No, the Magna Carta dates back to 1215. Our system goes back to 1867, even before that, because united Canada had parliaments. It's important to hold the government accountable not just for election promises, but also for budget appropriation votes, which represent tens of thousands of dollars in spending.
Remember that every political party has the potential to wind up in the opposition at some point or another. We know that well, and it will probably happen to you in three years' time, if not later—heaven only knows. You should not consider what we are telling you today strictly through the government lens, but also through the lens of every parliamentary participant.
There is a reason Australia brought in the reform. Its supplementary estimates are now released the same day as the budget. That prevents a waste of two very important months by all parliamentarians, including elected members of the government party who are not in cabinet.
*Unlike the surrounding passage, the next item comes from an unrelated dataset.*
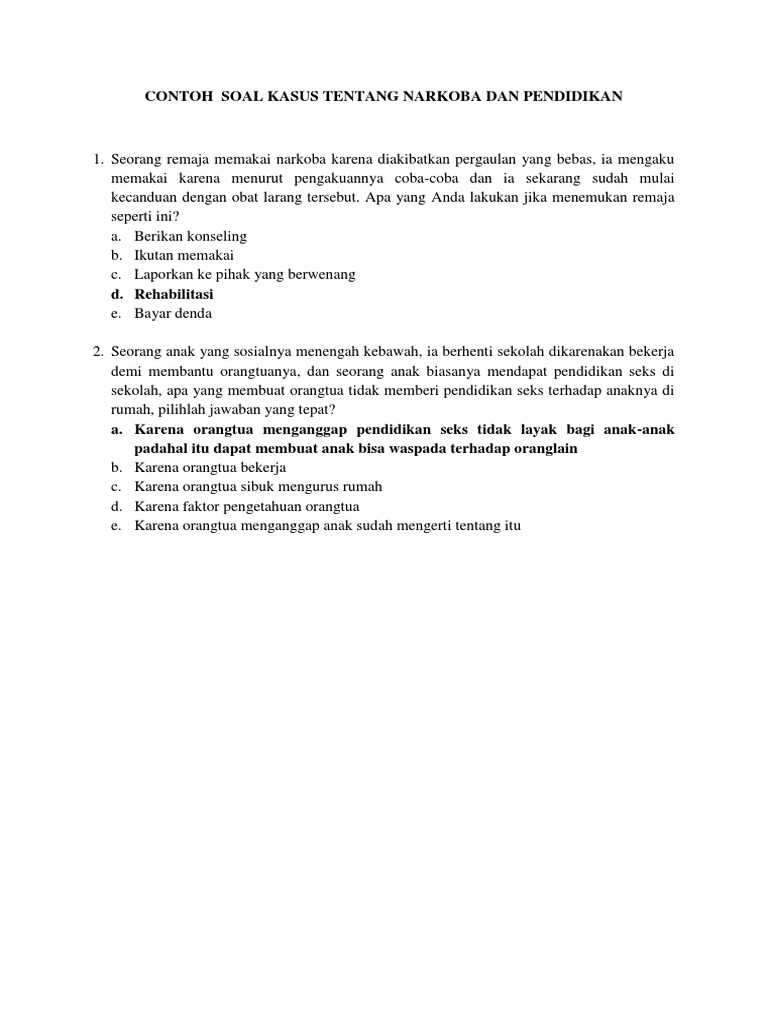 Soal Narkoba - Tentunya dengan Soal Narkoba yang kami sampikan ini akan bisa membuat anda bisa mengerti dan memahami Soal Narkoba yang kami sampikan untuk anda semua. Contoh soal tentang zat adiktif dan psikotropika pilihan ganda essay cinta. Contoh soal pilihan ganda tentang narkoba. Istilah narcotics memiliki arti.

I would point out that they, too, have a mandate to protect ministerial responsibility and to hold the government accountable for its actions and decisions, particularly in budget matters, the focus of our discussion today.
By moving forward with such a major reform of our parliamentary system, which is rooted in the Westminster tradition, in other words, by allowing the supplementary estimates to be tabled on May 1, we would lose nearly two months that could have been spent conducting studies and holding ministers to account before our committees and the committee of the whole in the House of Commons, as well as during question period. With this reform, we would lose two months that could have been used to study and scrutinize the numbers, time that even ministers could have used to prepare their responses.
I was taken aback when the minister was here and told the committee that he wanted to push the date to May 1, because, in our context, it requires adjustments and a certain degree of flexibility over two or three years in order to eventually table the budget and estimates on the same day. I asked him what would be wrong with including a provision in the legislation stipulating that, in three years' time, the two documents would be tabled on the same day. He couldn't answer me. Even without such a provision, however, Australia managed, in its first year, to present both documents on the same day, without the need for adjustments or flexibility.
I'll stop there so as not to bore you, but I would like to carry on with this discussion.